En tout cas, elle a l’air d’aller mieux donc je m’enferme à nouveau téléphone sur le comptoir de lavabo, écouteurs dans les oreilles. Le marié est trop timide pour la femme qu’il a. C’est comme ça qu’on danse Peru, para? J’aurais dû être là-bas.

***Belle Laré Aw***

Un lundi tranquille, c’est ce que mérite l’homme après avoir expérimenté Eliza Ameley Coleman Asamaoh ce week-end. Vraiment, je n’ai rien contre elle, mais j’ai prié que Dieu garde nos chemins séparés pour au moins trois mois. Je n’ai pas le cœur pour suivre cette femme dans ses folies et encore moins la force pour argumenter le choix d’Elikem. Je ne sais même pas pourquoi mon calme l’a étonné. Je devrais avoir des sueurs froides sur le cas d’une vieille de 35 ans qui m’en a fait voir de toutes les couleurs depuis qu’elle sait parler? En réalité, je devais même la remercier d’avoir été si coopérative pour la dot, parce qu’on la connaît. Bref, mon cœur est réservé pour mes petits-enfants. Ils peuvent même se pendre hein ses trois traitres d’enfants qui se sont moqués de la correction que m’a infligé Eliza sur le terrain de tennis.

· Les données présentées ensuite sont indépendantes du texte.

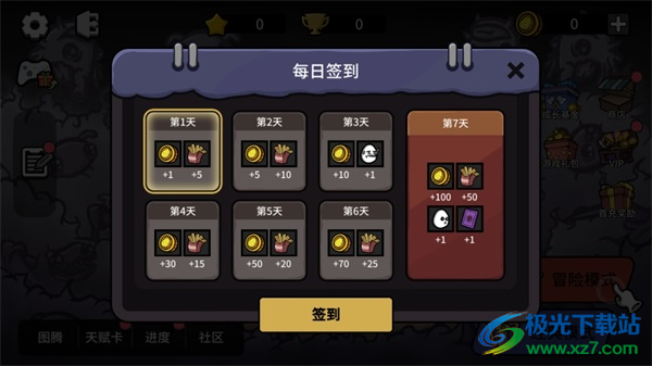3、第一天的签到获得的奖励是最少的,只有一个。

Le calme que j’appréciais tant ne pouvait malheureusement pas durer. Il a fallu qu’on sonne chez nous et la personne a choisi d’insister comme si on lui a dit qu’on cachait un trésor chez nous. Exaspéré, Eli sort de la chambre.

— C’est quoi le délire?

— Ah…, c’est toi le chef de maison non, je réponds en haussant les épaules.

Il pousse un juron et va ouvrir. Lui-même c’est mon ennemi. Il faisait partie de mes moqueurs du week-end. Je l’entends passer un savon dans sa voix rauque sexy, mais subitement il se tait. Intriguée, je vais voir ce qui se passe. Ce n’est pas la moitié du quartier qu’on a devant notre portail ça? Un homme prend la parole parmi eux et se met à nous remercier profusément. Eli et moi sommes si confus qu’on ne sait quoi dire. L’homme qui nous a remerciés explique que les 250000 francs qu’on lui a donnés le samedi l’ont aidé à compléter ce qui lui manquait pour régler la facture d’hôpital de sa femme qui a accouché. Une autre dit qu’elle a réussi à payer son loyer du mois passé. Les témoignages sont nombreux et ils insistent pour qu’on n’hésite pas à leur faire appel en cas de besoin. Ils ont tellement béni le mariage d’Elikem qu’on n’arrivait même pas à leur dire au revoir. Une bénédiction suivait une autre.

— C’est elle, n’est-ce pas? m’interroge un Eli perdu.

— Bon….au moins, elle a pensé à ceux qu’elle a bloqués chez eux.

Je finis à peine qu’on sonne encore chez nous. Pitié, que le nom Eliza Ameley disparaisse de mon quotidien d’ici six moins. Je n’ai plus le cœur.

P.S : Rêvez bien à la robe blanche hein, vous aviez oublié sur qui vous comptiez. Elle chante là-bas qu’elle sera le scoubidou de garçon. Oheema de Kuami Eugene, c’est le titre de la chanson.